[Material for the task Boundary: Start]

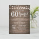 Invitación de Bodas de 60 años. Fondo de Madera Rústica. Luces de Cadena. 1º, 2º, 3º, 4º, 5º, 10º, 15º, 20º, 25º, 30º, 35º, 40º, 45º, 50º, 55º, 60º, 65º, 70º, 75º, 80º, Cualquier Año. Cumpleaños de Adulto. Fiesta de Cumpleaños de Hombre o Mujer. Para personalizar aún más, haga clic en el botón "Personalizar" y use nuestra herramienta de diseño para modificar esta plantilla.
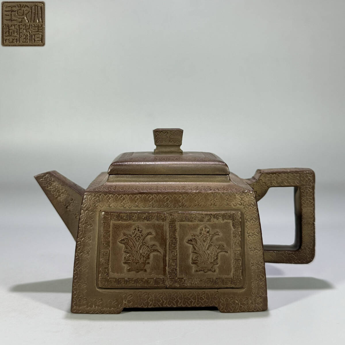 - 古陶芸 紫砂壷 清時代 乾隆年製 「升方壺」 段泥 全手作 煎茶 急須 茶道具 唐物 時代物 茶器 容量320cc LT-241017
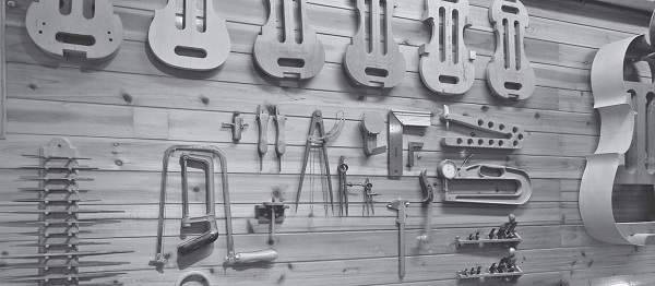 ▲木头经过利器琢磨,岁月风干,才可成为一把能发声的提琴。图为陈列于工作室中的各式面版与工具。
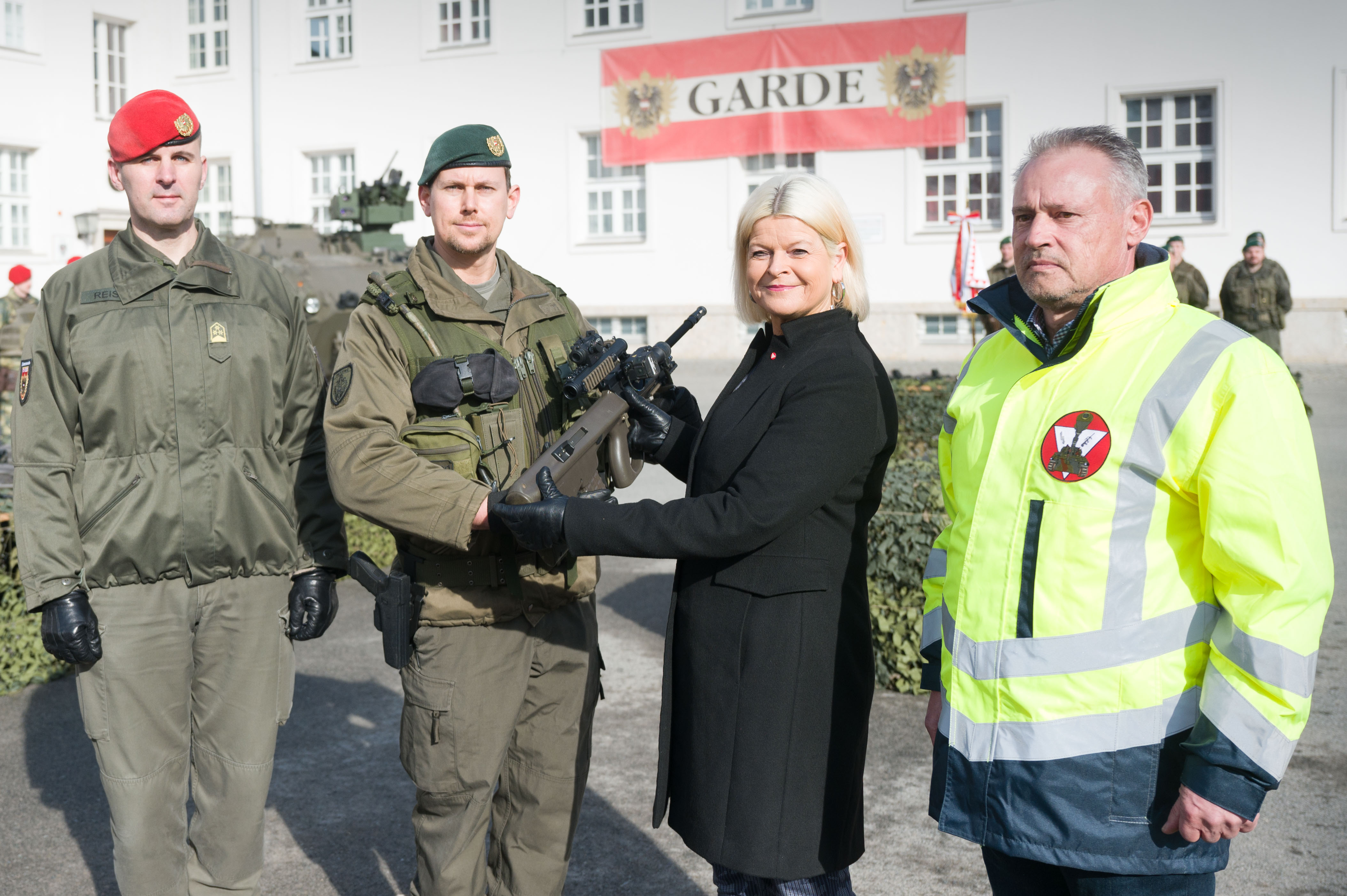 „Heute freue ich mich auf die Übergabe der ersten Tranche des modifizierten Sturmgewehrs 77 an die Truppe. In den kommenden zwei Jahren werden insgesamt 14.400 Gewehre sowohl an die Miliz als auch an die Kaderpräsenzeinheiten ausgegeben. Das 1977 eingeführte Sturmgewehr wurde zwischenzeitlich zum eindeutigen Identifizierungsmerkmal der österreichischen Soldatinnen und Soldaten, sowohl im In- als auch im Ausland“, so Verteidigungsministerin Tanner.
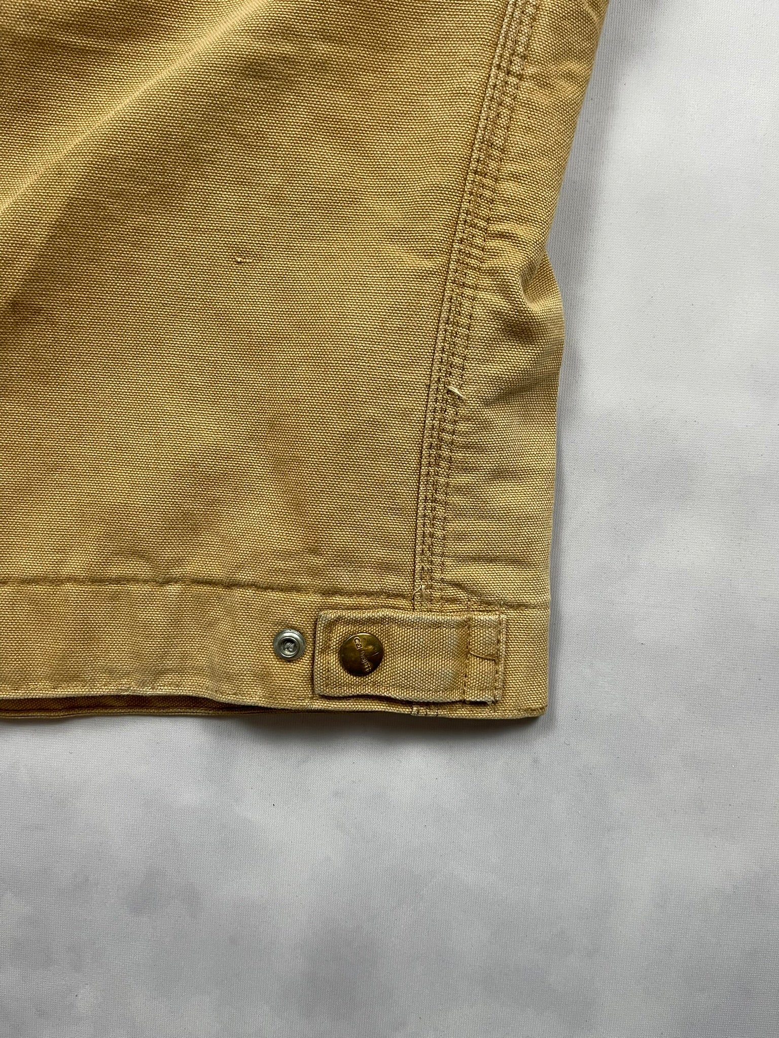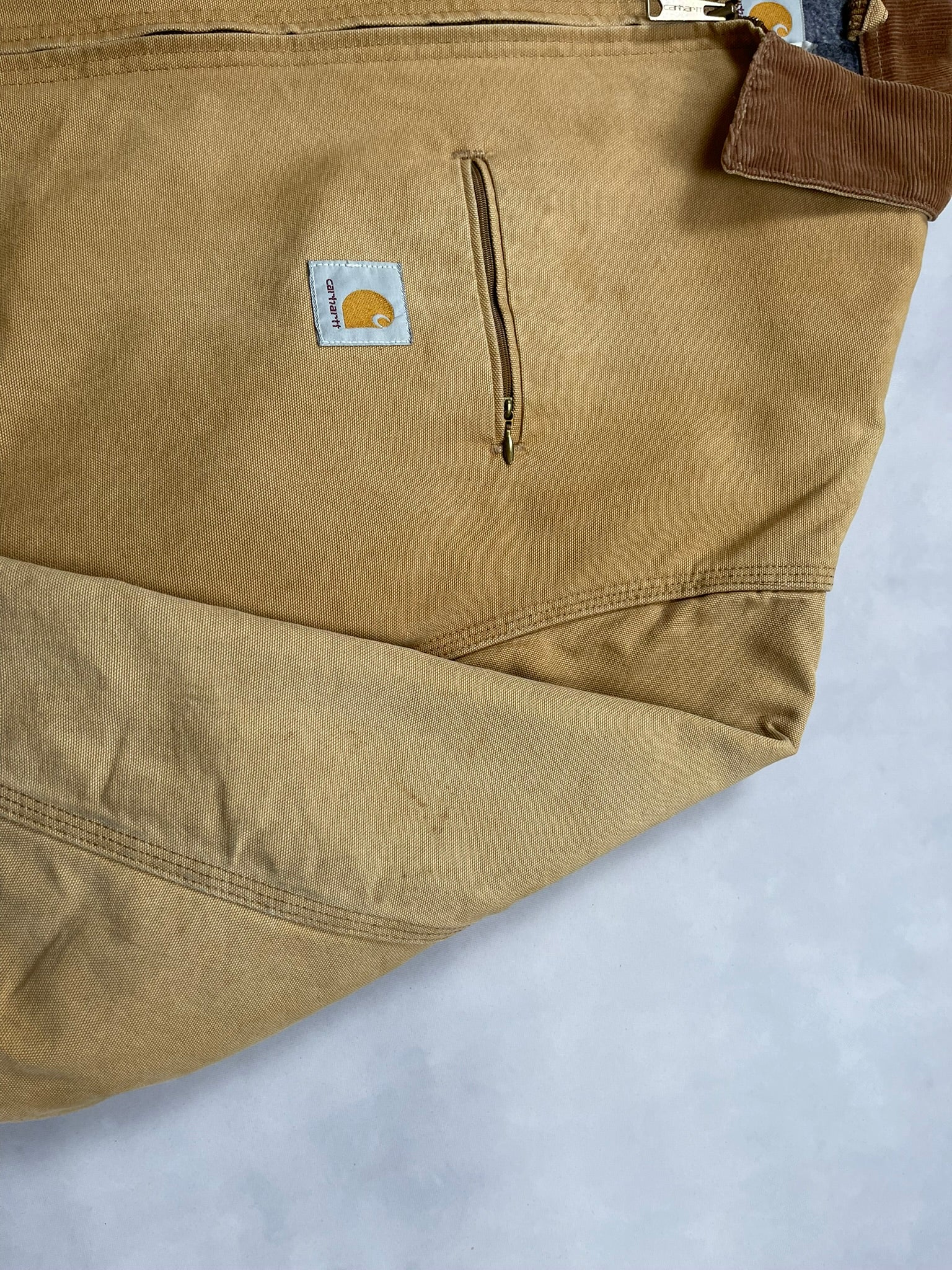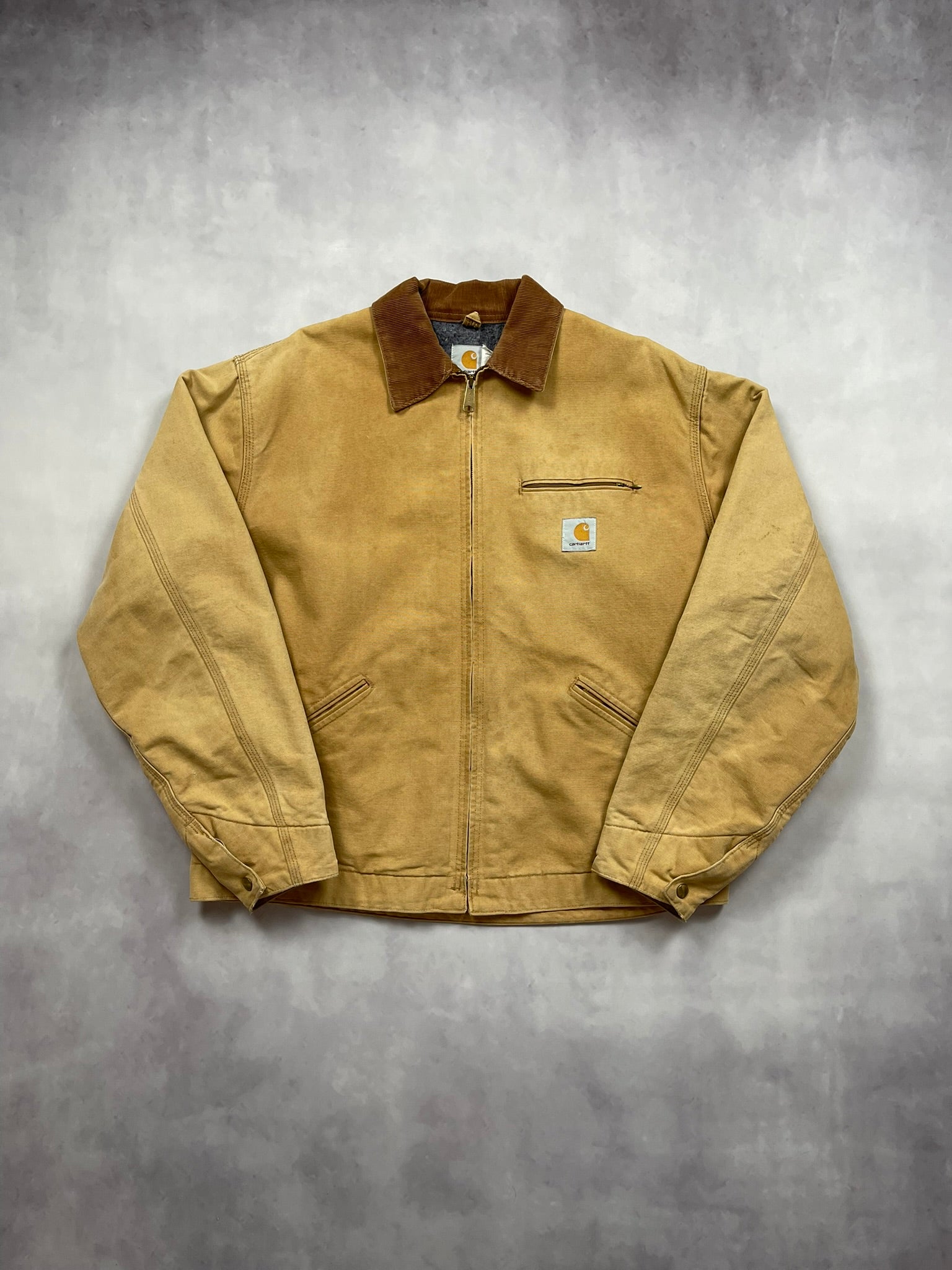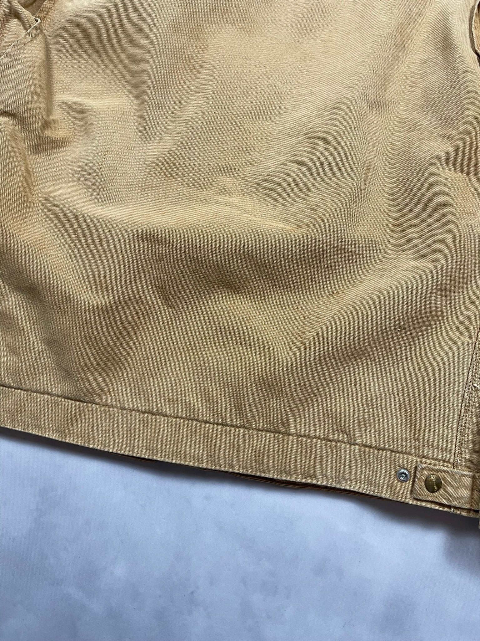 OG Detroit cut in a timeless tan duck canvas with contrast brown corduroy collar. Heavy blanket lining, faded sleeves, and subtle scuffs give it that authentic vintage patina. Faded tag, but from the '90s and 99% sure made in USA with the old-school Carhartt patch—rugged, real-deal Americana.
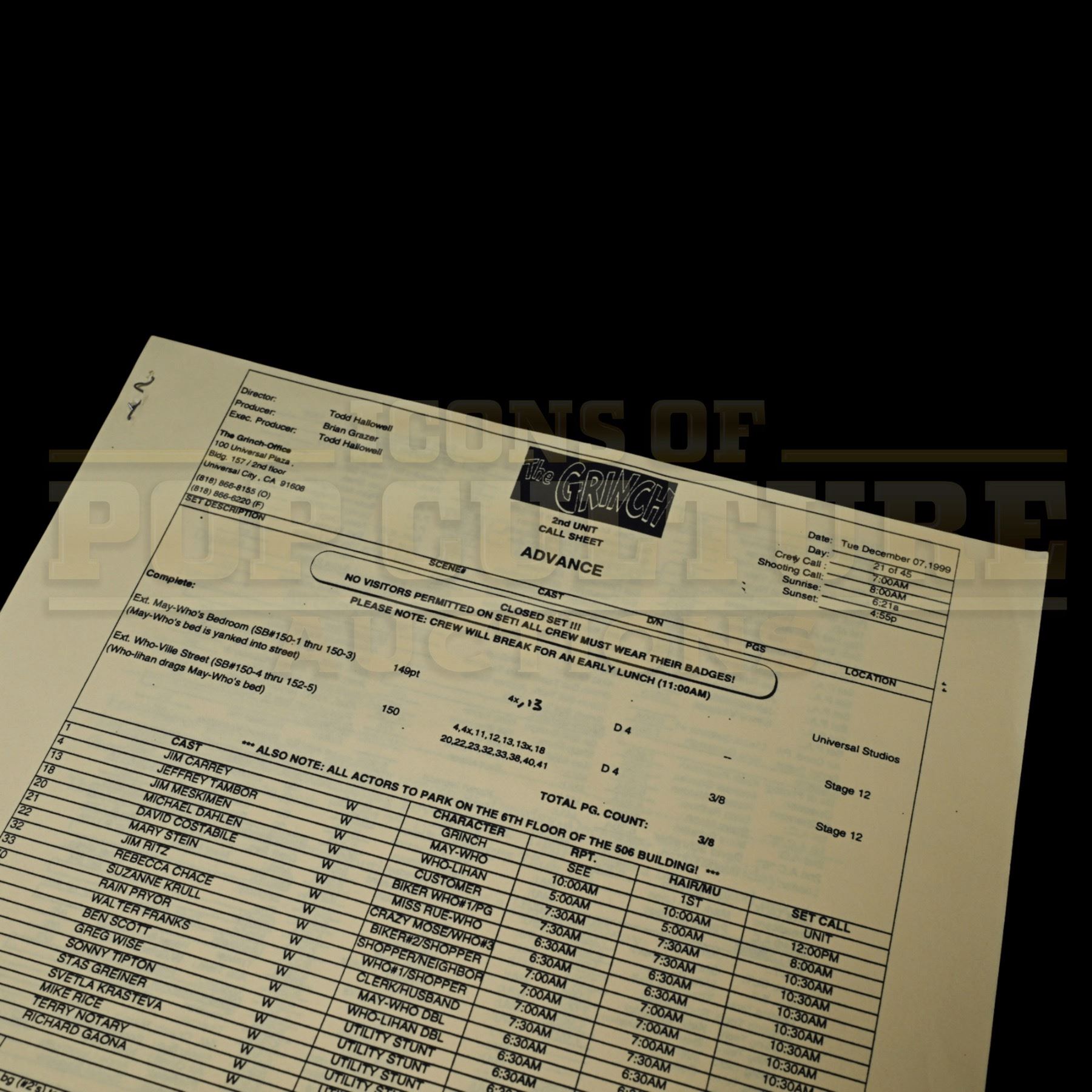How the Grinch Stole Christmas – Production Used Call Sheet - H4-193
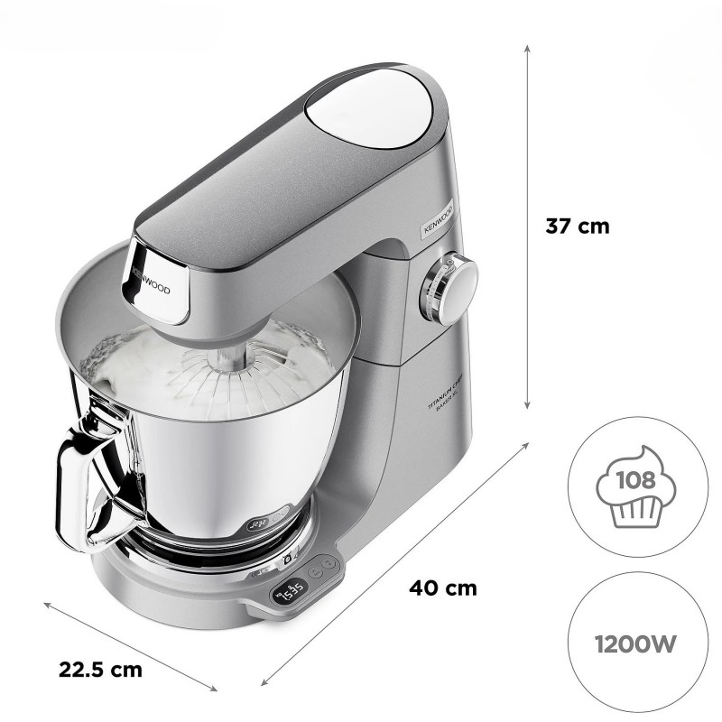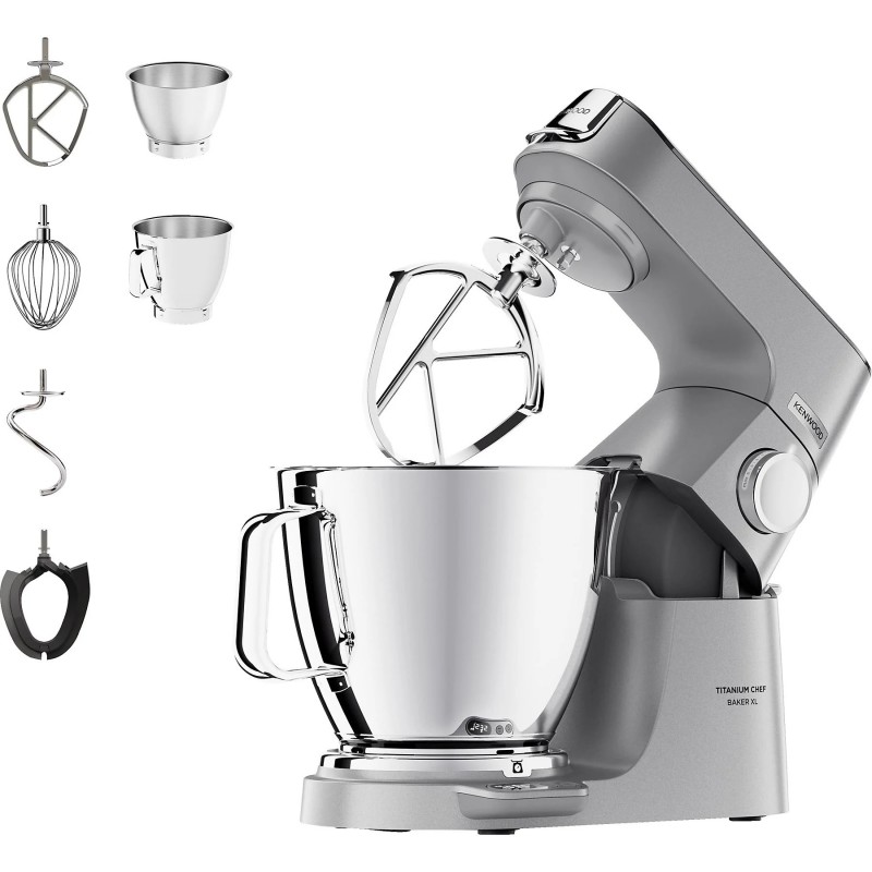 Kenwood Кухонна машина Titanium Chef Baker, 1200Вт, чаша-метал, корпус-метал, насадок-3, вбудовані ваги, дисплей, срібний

[Material for the task Boundary: End]

▸ **Work order**:
A word-for-word copy of the listing is needed, with no pictures in it.

▸ **Written response**:
 Invitación de Bodas de 60 años. Fondo de Madera Rústica. Luces de Cadena. 1º, 2º, 3º, 4º, 5º, 10º, 15º, 20º, 25º, 30º, 35º, 40º, 45º, 50º, 55º, 60º, 65º, 70º, 75º, 80º, Cualquier Año. Cumpleaños de Adulto. Fiesta de Cumpleaños de Hombre o Mujer. Para personalizar aún más, haga clic en el botón "Personalizar" y use nuestra herramienta de diseño para modificar esta plantilla.
 - 古陶芸 紫砂壷 清時代 乾隆年製 「升方壺」 段泥 全手作 煎茶 急須 茶道具 唐物 時代物 茶器 容量320cc LT-241017
 ▲木头经过利器琢磨,岁月风干,才可成为一把能发声的提琴。图为陈列于工作室中的各式面版与工具。
 „Heute freue ich mich auf die Übergabe der ersten Tranche des modifizierten Sturmgewehrs 77 an die Truppe. In den kommenden zwei Jahren werden insgesamt 14.400 Gewehre sowohl an die Miliz als auch an die Kaderpräsenzeinheiten ausgegeben. Das 1977 eingeführte Sturmgewehr wurde zwischenzeitlich zum eindeutigen Identifizierungsmerkmal der österreichischen Soldatinnen und Soldaten, sowohl im In- als auch im Ausland“, so Verteidigungsministerin Tanner.
 OG Detroit cut in a timeless tan duck canvas with contrast brown corduroy collar. Heavy blanket lining, faded sleeves, and subtle scuffs give it that authentic vintage patina. Faded tag, but from the '90s and 99% sure made in USA with the old-school Carhartt patch—rugged, real-deal Americana.
How the Grinch Stole Christmas – Production Used Call Sheet - H4-193
 Kenwood Кухонна машина Titanium Chef Baker, 1200Вт, чаша-метал, корпус-метал, насадок-3, вбудовані ваги, дисплей, срібний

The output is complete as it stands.